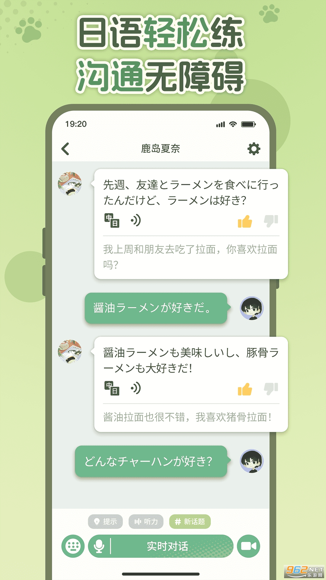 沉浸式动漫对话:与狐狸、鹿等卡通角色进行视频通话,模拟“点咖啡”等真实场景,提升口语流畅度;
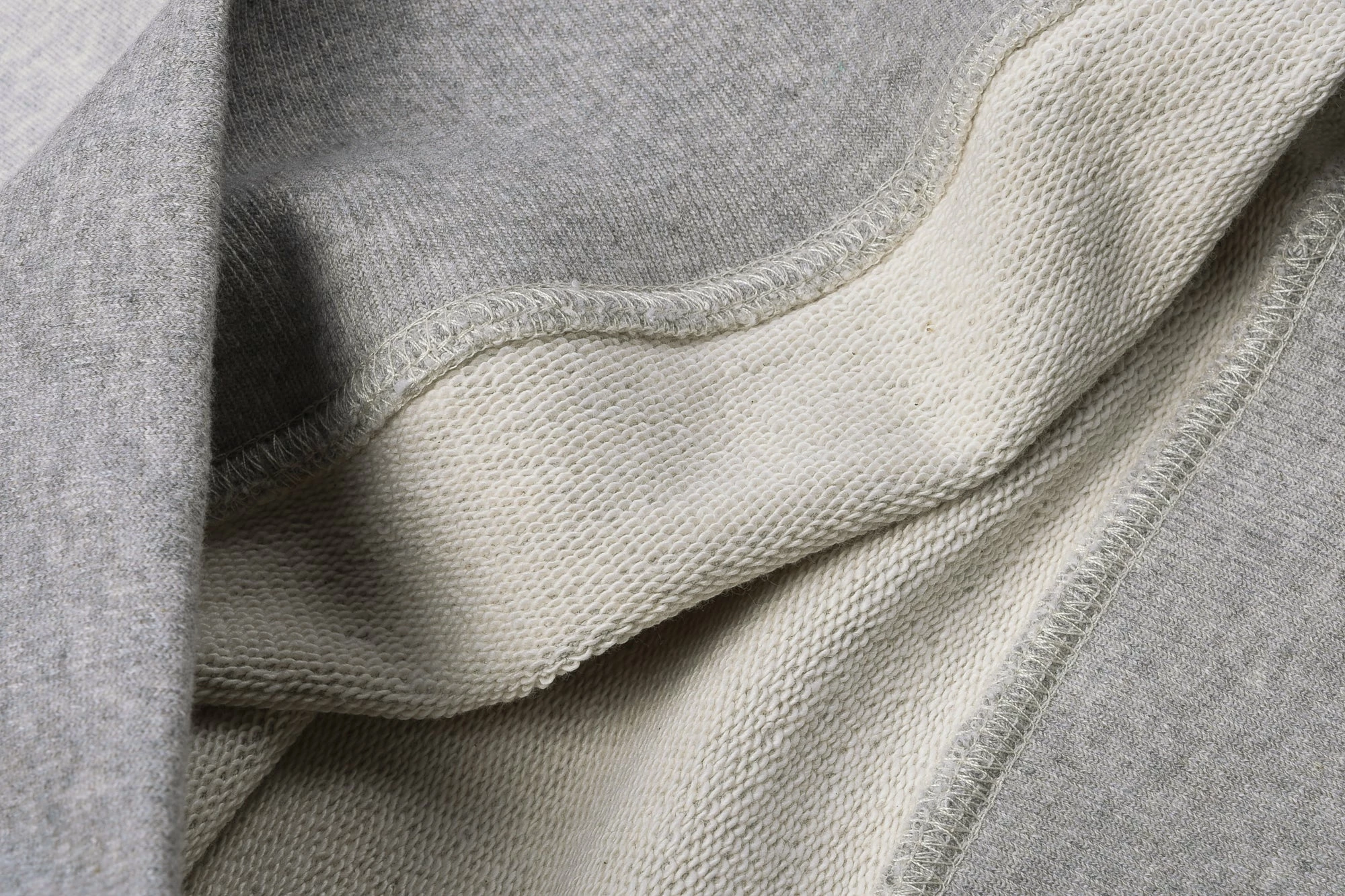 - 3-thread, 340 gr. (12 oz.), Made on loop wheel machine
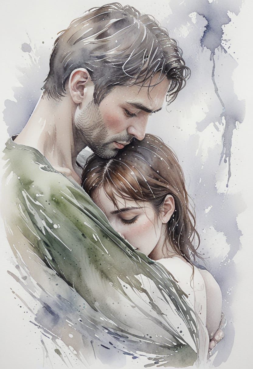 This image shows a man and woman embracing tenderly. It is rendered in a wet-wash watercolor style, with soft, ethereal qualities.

» ASSIGNMENT
Reproduce the entire listing exactly, except for any pictures it contains.

» RESPONSE TO THE TASK
 沉浸式动漫对话:与狐狸、鹿等卡通角色进行视频通话,模拟“点咖啡”等真实场景,提升口语流畅度;
 - 3-thread, 340 gr. (12 oz.), Made on loop wheel machine
 This image shows a man and woman embracing tenderly. It is rendered in a wet-wash watercolor style, with soft, ethereal qualities.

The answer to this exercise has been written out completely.